Individuals in cluster 0 (n = 535, 84% healthy controls) showed the overall best health and quality of life and exhibited the lowest severity in most symptom and risk scores (Figs. 1–2 and S5, Tables S3, S6, S7). The smallest cluster 1 (n = 38) included the highest rates of females (62%) and symptomatic controls without a diagnosis (50%), who reported reduced general and mental health and increased anxiety and depression symptoms (Table 1, Fig. 2). Individuals in cluster 2 showed average general health scores but reduced mental health and parental bonding and elevated emotional maltreatment scores (Tables 1 and S7, Figs. 2 and S5). Cluster 3 had the highest rate of affective diagnoses with high depression and anxiety levels (Fig. 1A, Table 1); its members reported substantially reduced general and mental health. The mean childhood maltreatment scores in cluster 3 were lower than in clusters 1, 2, and 4 (Table 1). Cluster 4 (n = 196) featured most patients diagnosed with SZA and schizophrenia (Fig. 1A). Individuals in cluster 4 were characterized by the highest severity in many dimensions used for clustering (Tables 1 and S7, Fig. 2) and in additional variables examined post hoc, such as hospitalization and medication load index  (Fig. 1, Table S3).

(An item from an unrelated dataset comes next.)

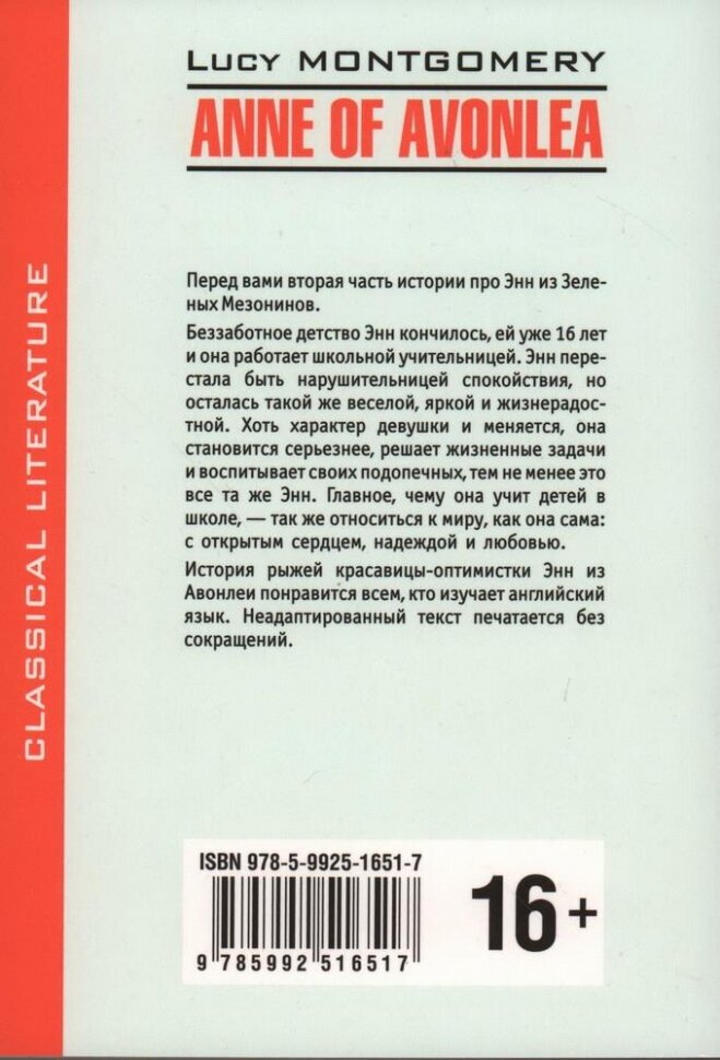 После просмотра фильма \"Энн с двумя нн\" решила купить данную книгу и прочитать. Осталась я очень довольна. Несмотря на то,что я не знаю английский в идеале,вся книга была для меня понятной. Читалось легко и непринужденно. Сюжет захватывающий. Ни разу не пожалела, что приобрела ее. Обложка тоже порадовала. Очень яркая,красивая. Бумага качественная,нет ощущения \"газетных страниц\". Подруга,увидев ее,захотела тоже прочитать,поэтому вскоре закажу такую же для нее

As a secondary analysis, we characterized MDD patients within the five clusters to assess the heterogeneity of this large diagnostic group and identified distinct phenotypic signatures of MDD patients in each cluster (Tables S8–S9).
Genetic characterization: variable selection
We conducted lasso regularized regression to predict cluster assignments using genetic variables, i.e., ten PGS and four self-reported family history assessments. Prediction performances were highest for the two extreme clusters 0 and 4 (cluster 0 vs. 4: area under the receiver operating characteristic curve (AUC) = 81%, sensitivity = 75%, specificity = 75%; cluster 0 vs. all: AUC = 71%, sensitivity = 66%, specificity = 66%; cluster 4 vs. all: AUC = 73%, sensitivity = 67%, specificity = 67%, Table S10). Lasso selected seven variables when comparing cluster 0 against all others and 16 for cluster 4 (Table 2). In both cases, the self-reported family history achieved larger effect sizes than PGSs of psychiatric disorders. For lasso summary statistics, see Table S11.
Genetic characterization: statistical significance
We used Westfall and Young’s method to assess the significance of genetic variables. One-vs-all comparisons of clusters 0, 2, and 4 identified the following significant genetic variables (Table S12 and Fig. 1E–H): Cluster 0 was characterized by a lower family history of MDD, BD, and any psychiatric disorder (each adjusted p = 0.004) and lower cross-disorder (p = 0.004), MDD (p = 0.008), and schizophrenia (p = 0.04) PGS. Cluster 2 was characterized by a higher family history of any psychiatric disorder (p = 0.005) and MDD (p = 0.03). Cluster 4 showed a higher family history of any psychiatric disorder (p = 0.004) and higher cross-disorder (p = 0.01), schizophrenia (p = 0.01), and MDD (p = 0.04) PGS, as well as lower PGS for educational attainment (p = 0.004). Pairwise comparisons resulted in significant differences between four cluster pairs (Table S13). Cluster 4 MDD patients showed significantly higher ADHD (p = 0.01) and lower educational attainment PGS (p = 0.005) than MDD patients from the other clusters (Table S8 and Fig. S6A, B). As a sensitivity analysis, we compared PGS between diagnostic labels (Table S14).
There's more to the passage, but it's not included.